Norwegia, Islandia i Liechtenstein opóźniają ocenę polskich projektów. Wiele inwestycji nie dostanie więc dofinansowania.
Chociaż Norwegia, Liechtenstein i Islandia nie są członkami UE, korzystają na podstawie porozumień ze Wspólnotą z dobrodziejstw jednolitego unijnego rynku. W zamian zobowiązały się przekazać w latach 2004-09 1,1 mld EUR dla najbiedniejszych państw UE. W tym celu uruchomione zostały 2 fundusze — Mechanizm Finansowy Europejskiego Obszaru Gospodarczego (MF EOG) i Norweski Mechanizm Finansowy (NMF). Największym beneficjentem jest Polska, dla której przeznaczono 533 mln EUR. Środki te miały zwiększać atrakcyjność gospodarczą i społeczną naszego kraju, przez dofinansowanie ochrony środowiska i dziedzictwa narodowego, opieki zdrowotnej, rozwoju zasobów ludzkich i badań naukowych. Niestety, żadne zobowiązania nie zostały dotąd wypełnione.
Trudna współpraca
Programy pomocowe MF EOG i NMF cieszą się w Polsce dużym zainteresowaniem. W pierwszym naborze wniosków pod koniec 2005 r. do polskich instytucji pośredniczących wpłynęło aż 1390 projektów. Dostępne na ten okres środki wysokości 176 mln EUR wystarczyły na zarekomendowanie jedynie 147 projektów. W kwietniu br. wnioski te przekazano do akceptacji państwom darczyńcom. I tu zaczęły się problemy — żaden projekt nie został jeszcze rozpatrzony. Beneficjenci stają przed trudnym wyborem — wstrzymywać się z realizacją projektu, czy rozpocząć inwestycję, tracąc szansę na dofinansowanie?
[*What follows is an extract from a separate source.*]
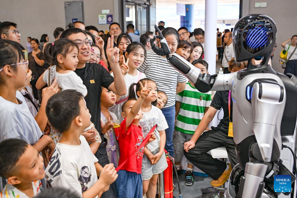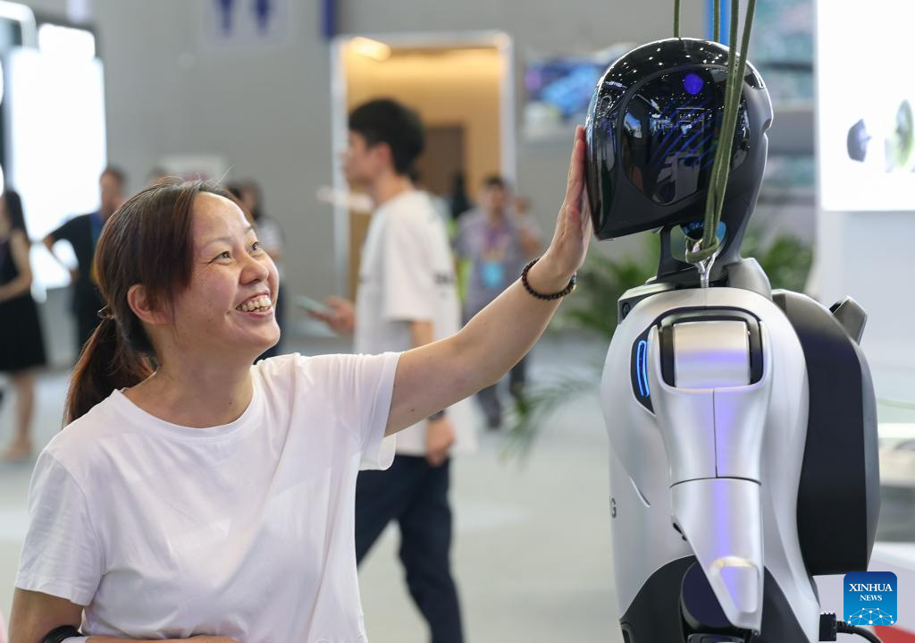 Visitors interact with a home service robot during the World Smart Industry Expo 2025 in southwest China's Chongqing Municipality, Sept. 6, 2025. The World Smart Industry Expo 2025 kicked off on Friday in southwest China's Chongqing Municipality, showcasing advanced achievements including AI rehabilitation systems, portable wearable devices, elderly care robots, and senior-friendly equipment. (Xinhua/Chen Cheng)
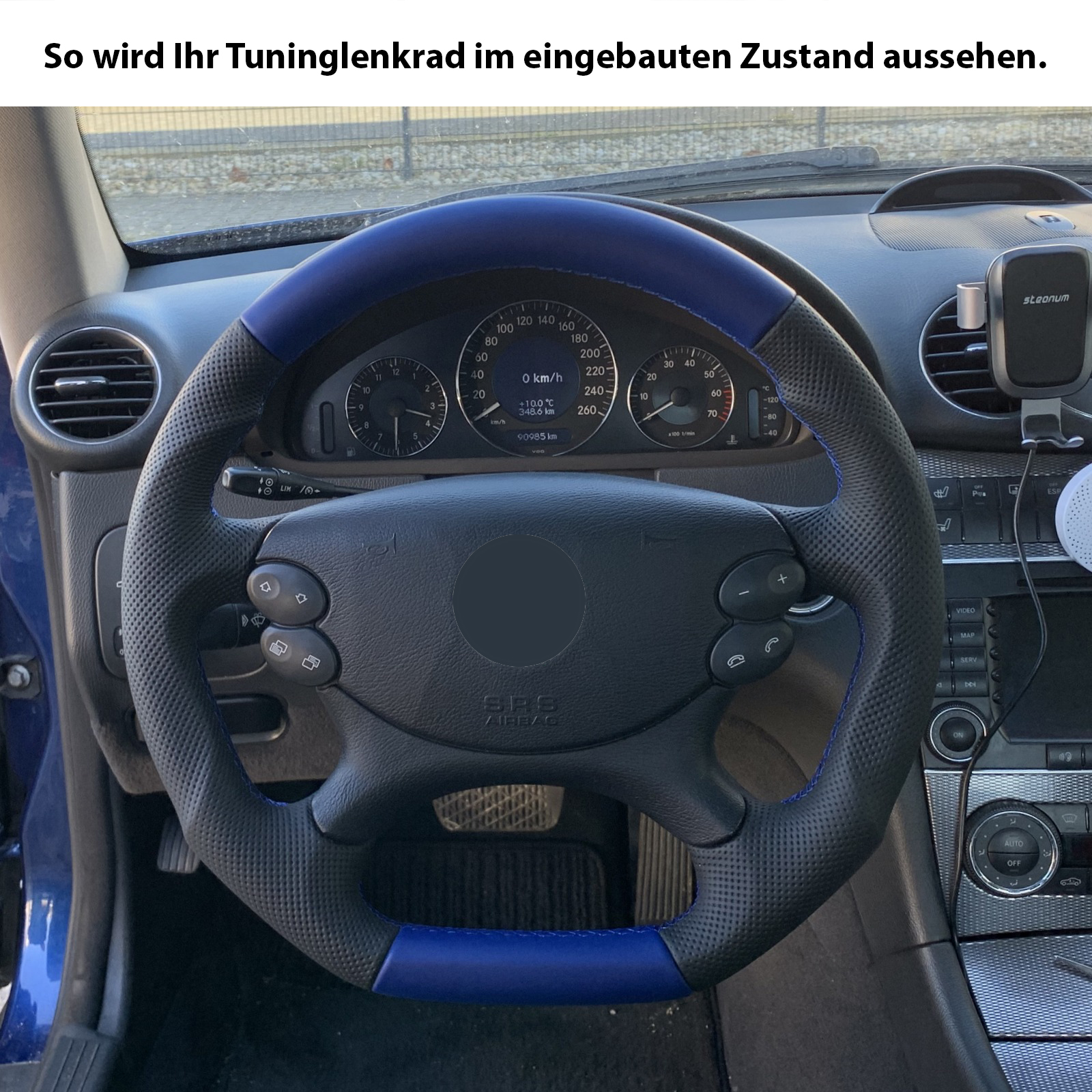 Produktinformationen "Mercedes Lenkrad R230 W209 W211 W463 E G Klasse Abgeflacht Kombibezug Bicolor blau Naht blau"

— Zwracaliśmy się z prośbą o przyspieszenie procedur oceny projektów. Norwegia, Islandia i Liechtenstein zamiast od nowa analizować każdy, powinny oprzeć się na naszej ocenie. To usprawniłoby wdrażanie programu. A państwa te nie robią nic, aby przyspieszyć procedury — mówił podczas konferencji Janusz Mikuła, wiceminister rozwoju regionalnego.
Do ataku
Jak zapewnia rząd, polska strona wywiązała się ze zobowiązań. Zdaniem Agnieszki Bolesty, wiceministra środowiska, instytucje wdrażające dobrze przygotowały się do naboru i oceny projektów.
— Otrzymaliśmy mnóstwo świetnych projektów. Wnioskodawcy włożyli dużo pracy i pieniędzy w ich przygotowanie. Zarekomendowaliśmy więc tylko garstkę najlepszych przedsięwzięć, a mimo to darczyńcy opóźniają przekazanie wsparcia — podkreśla Agnieszka Bolesta.
Polski rząd do tej pory unikał krytycznych uwag pod adresem Norwegii, Islandii i Liechtensteinu. Wydaje się jednak, że na czwartkowej konferencji przeszedł do ofensywy. Na wystąpienia ministrów nie ma na razie odpowiedzi rządów upomnianych państw. Jedynie ambasada Norwegii zobowiązała się do przyspieszenia audytu. Jest więc szansa na zatwierdzenie przynajmniej części wniosków w tym roku. Może konkretne decyzje zapadną 13 listopada, kiedy to Janusz Mikuła spotka się z przedstawicielami rządu norweskiego.